* Records for the task
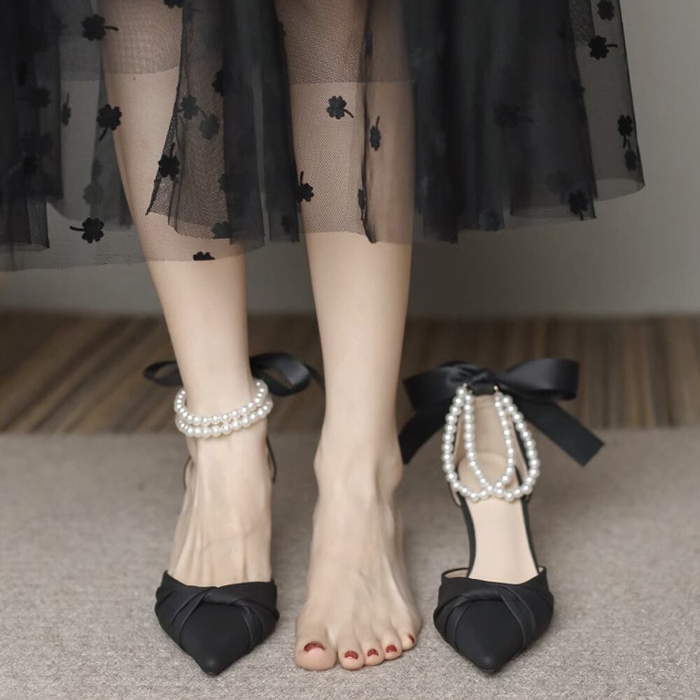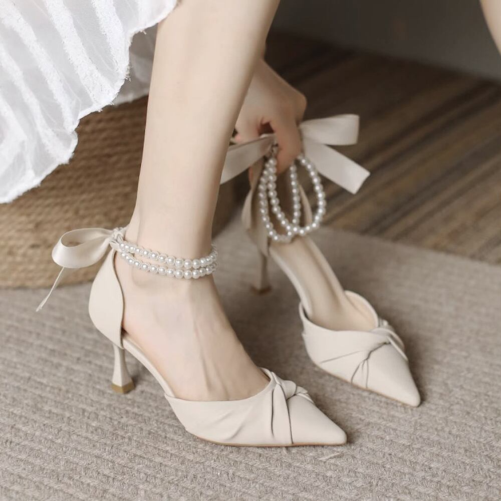 全2色 ハイヒール ポインテッド パールストラップ バックリボン 7.5cmヒール 歩きやすい 履きやすい かわいい 大人可愛い きれいめ シンプル 大人 上品 おしゃれ お洒落 かっこいい レトロ フォーマル エレガント きちんと感 個性的 クール モード系 セクシー モダン 主役級 存在感 こなれ感 とろみ感 抜け感 柄 誕生日 成人式 入学式 入園式 卒業式 卒園式 謝恩会 韓国コーデ 韓国ファション アイボリー ブラック
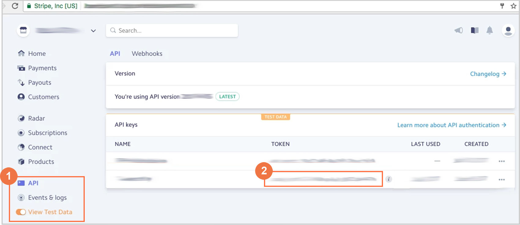 Dans votre compte Stripe, activez l'option Afficher les données de test.
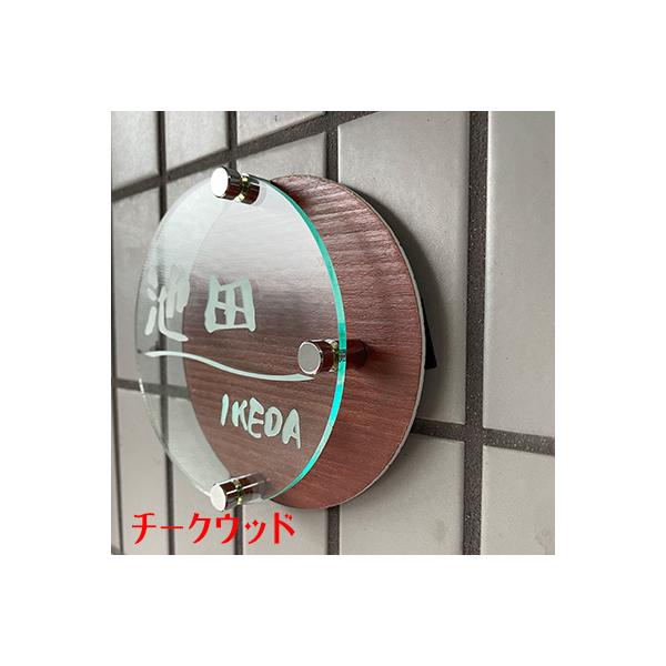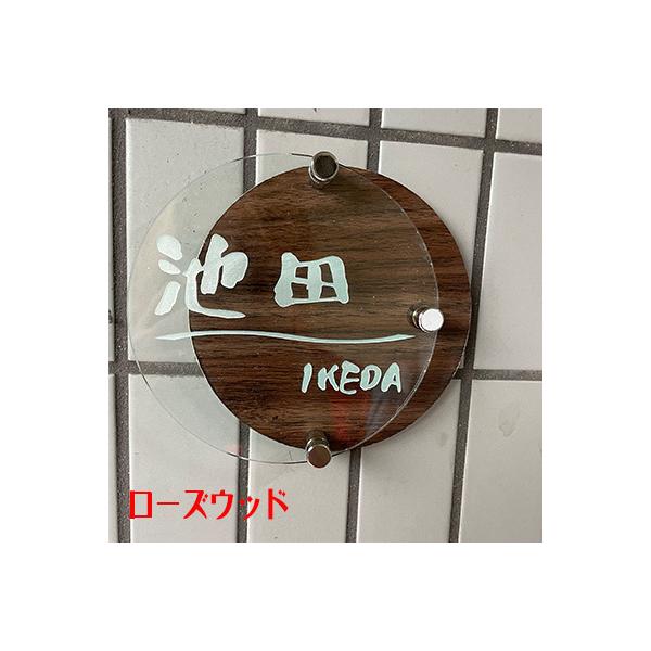 表札 丸型 120mm×120mm アクリル 二世帯可 立体 木目 レーザー加工 彫刻 校正3回無料
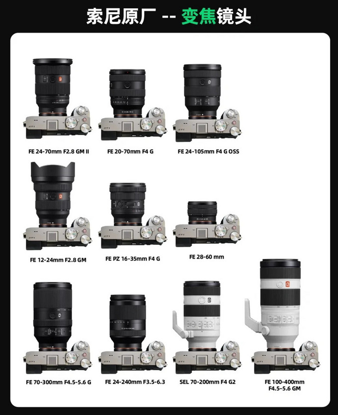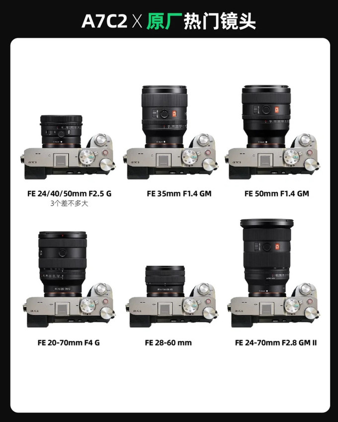 2. FE 24-50mm f/2.8 G:重量为440g,覆盖24、35、50mm三个常用焦段,F2.8光圈有利于低光拍摄和创造浅景深效果,适合作为挂机镜头,尤其适合视频拍摄。
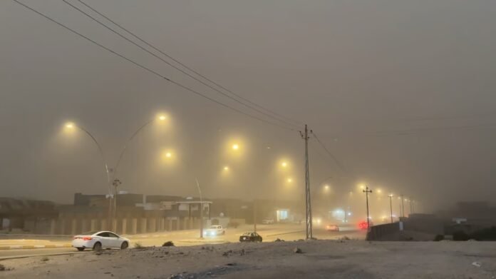 ووصلت صور إلى منصة “إيشان”، تظهر دخول العاصفة الترابية إلى أجواء بغداد قادمة من مناطق الجنوب.
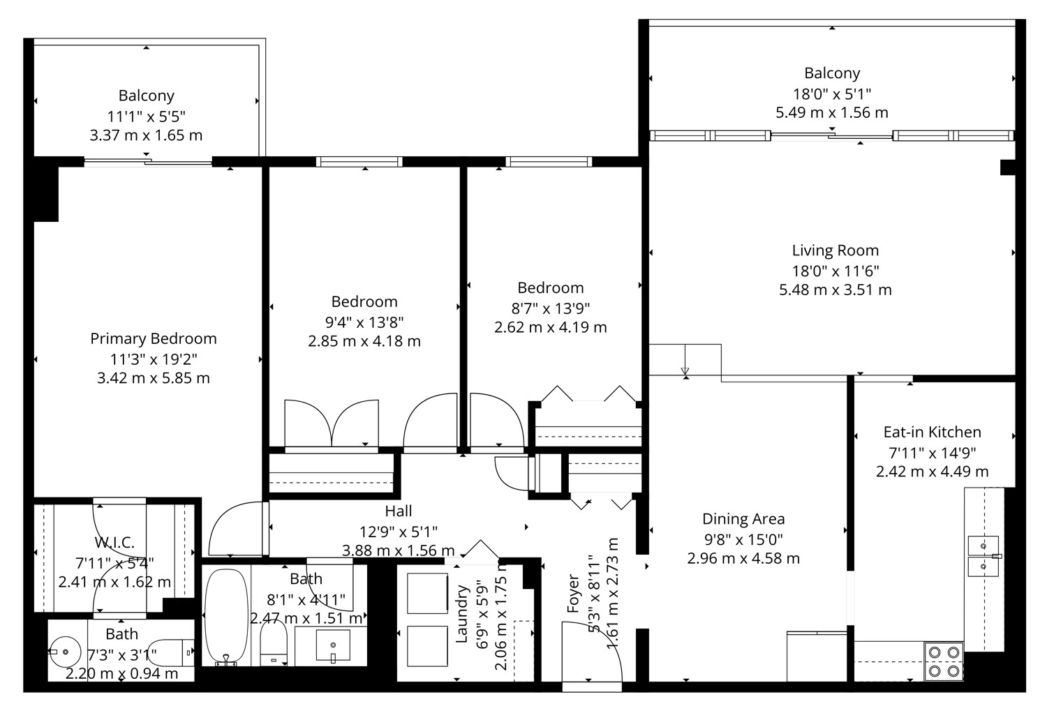 | 8 | Bathroom | Flat | 2.47 x 1.51 | 4 Piece Bathroom, Tile Floor, Built-In Vanity |
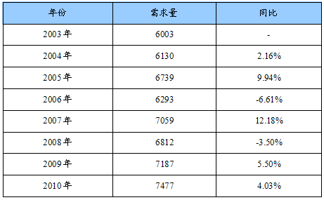 2003-2010年我国墙布(壁布)需求量统计
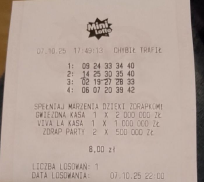 Zapisano 21 stałych zestawów liczbowych w dniu 07.10.2025 g. 16:52 Historia wysokich trafień (wygrane powyżej 25 x koszt gry)
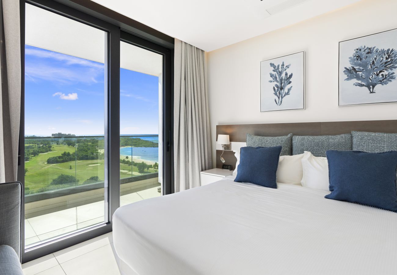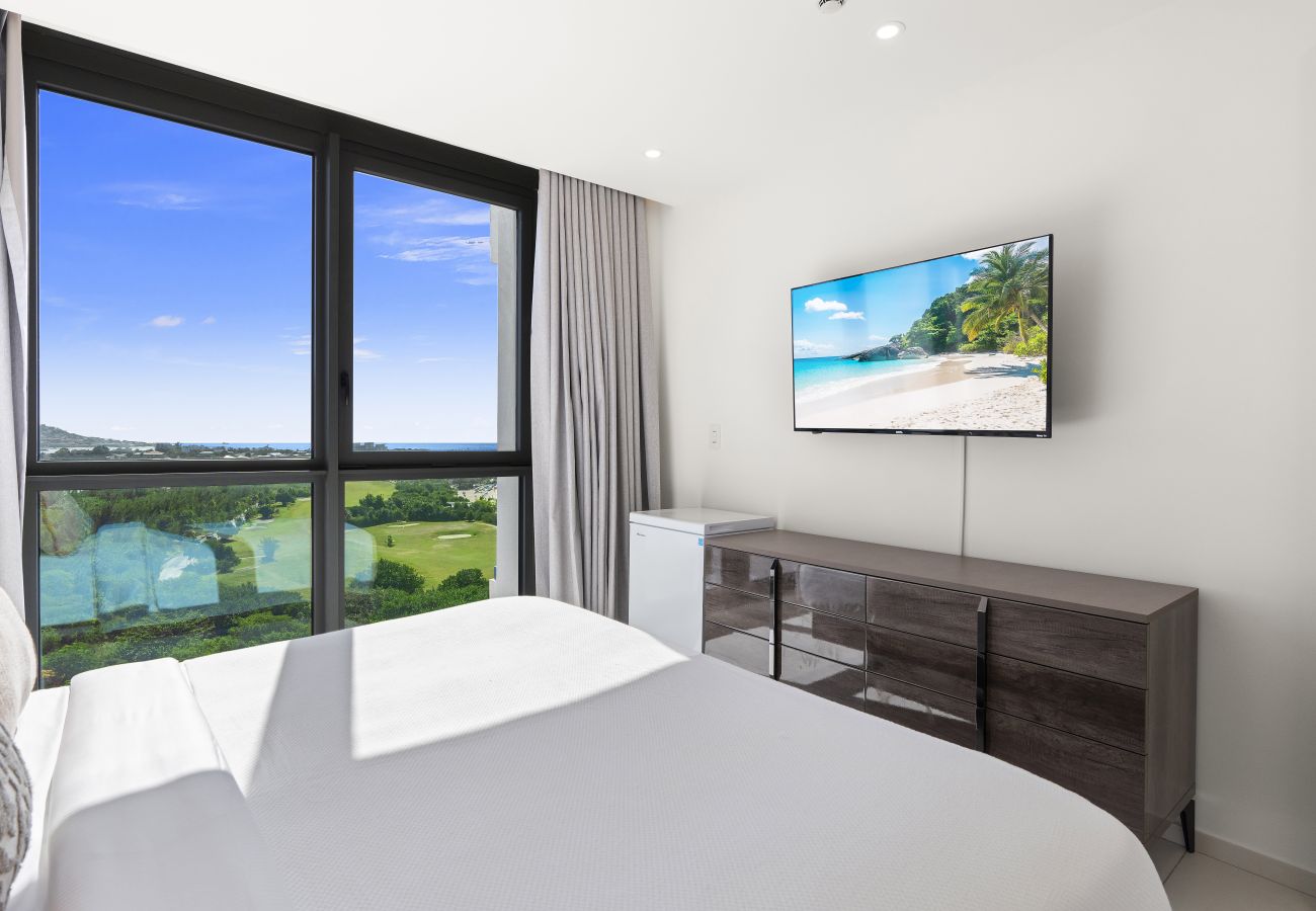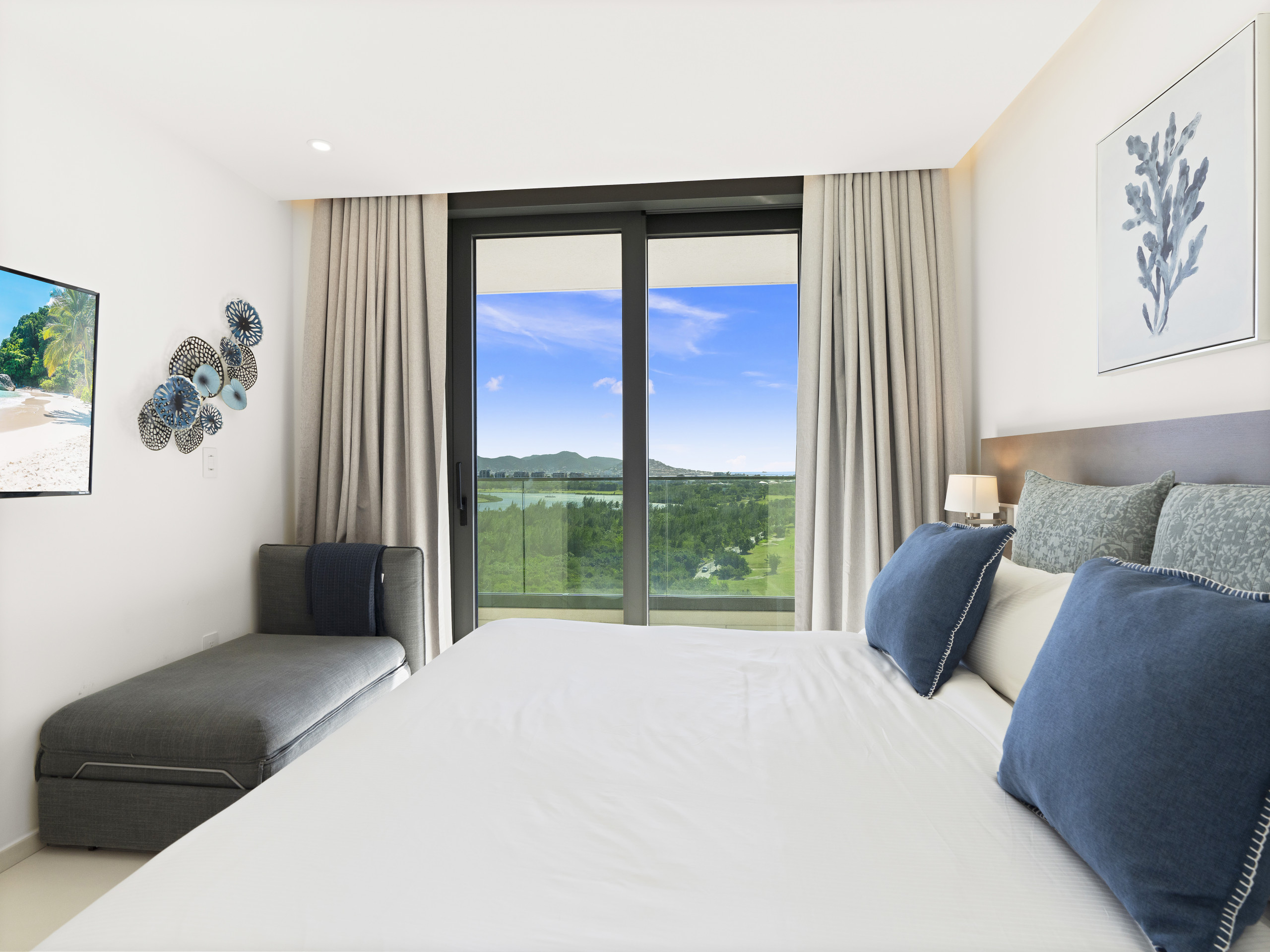 Appartement 2 chambres situé au 18ème étage. Très spacieux et confortable, offrant jusqu'à 116,7 mètres carrés d'espace de vie exquis. L'île rêve de se réveiller sur la magnifique plage de sable blanc de Mullet Bay et ses eaux turquoises à couper le souffle. Vous pourrez également profiter pleinement de la vue spectaculaire et panoramique sur les îles voisines de Saint-Kitts-et-Nevis et de Saba directement depuis votre balcon.

* The problem
Return every entry above exactly. Pictures stay out.

* Completed task
 全2色 ハイヒール ポインテッド パールストラップ バックリボン 7.5cmヒール 歩きやすい 履きやすい かわいい 大人可愛い きれいめ シンプル 大人 上品 おしゃれ お洒落 かっこいい レトロ フォーマル エレガント きちんと感 個性的 クール モード系 セクシー モダン 主役級 存在感 こなれ感 とろみ感 抜け感 柄 誕生日 成人式 入学式 入園式 卒業式 卒園式 謝恩会 韓国コーデ 韓国ファション アイボリー ブラック
 Dans votre compte Stripe, activez l'option Afficher les données de test.
 表札 丸型 120mm×120mm アクリル 二世帯可 立体 木目 レーザー加工 彫刻 校正3回無料
 2. FE 24-50mm f/2.8 G:重量为440g,覆盖24、35、50mm三个常用焦段,F2.8光圈有利于低光拍摄和创造浅景深效果,适合作为挂机镜头,尤其适合视频拍摄。
 ووصلت صور إلى منصة “إيشان”، تظهر دخول العاصفة الترابية إلى أجواء بغداد قادمة من مناطق الجنوب.
 | 8 | Bathroom | Flat | 2.47 x 1.51 | 4 Piece Bathroom, Tile Floor, Built-In Vanity |
 2003-2010年我国墙布(壁布)需求量统计
 Zapisano 21 stałych zestawów liczbowych w dniu 07.10.2025 g. 16:52 Historia wysokich trafień (wygrane powyżej 25 x koszt gry)
 Appartement 2 chambres situé au 18ème étage. Très spacieux et confortable, offrant jusqu'à 116,7 mètres carrés d'espace de vie exquis. L'île rêve de se réveiller sur la magnifique plage de sable blanc de Mullet Bay et ses eaux turquoises à couper le souffle. Vous pourrez également profiter pleinement de la vue spectaculaire et panoramique sur les îles voisines de Saint-Kitts-et-Nevis et de Saba directement depuis votre balcon.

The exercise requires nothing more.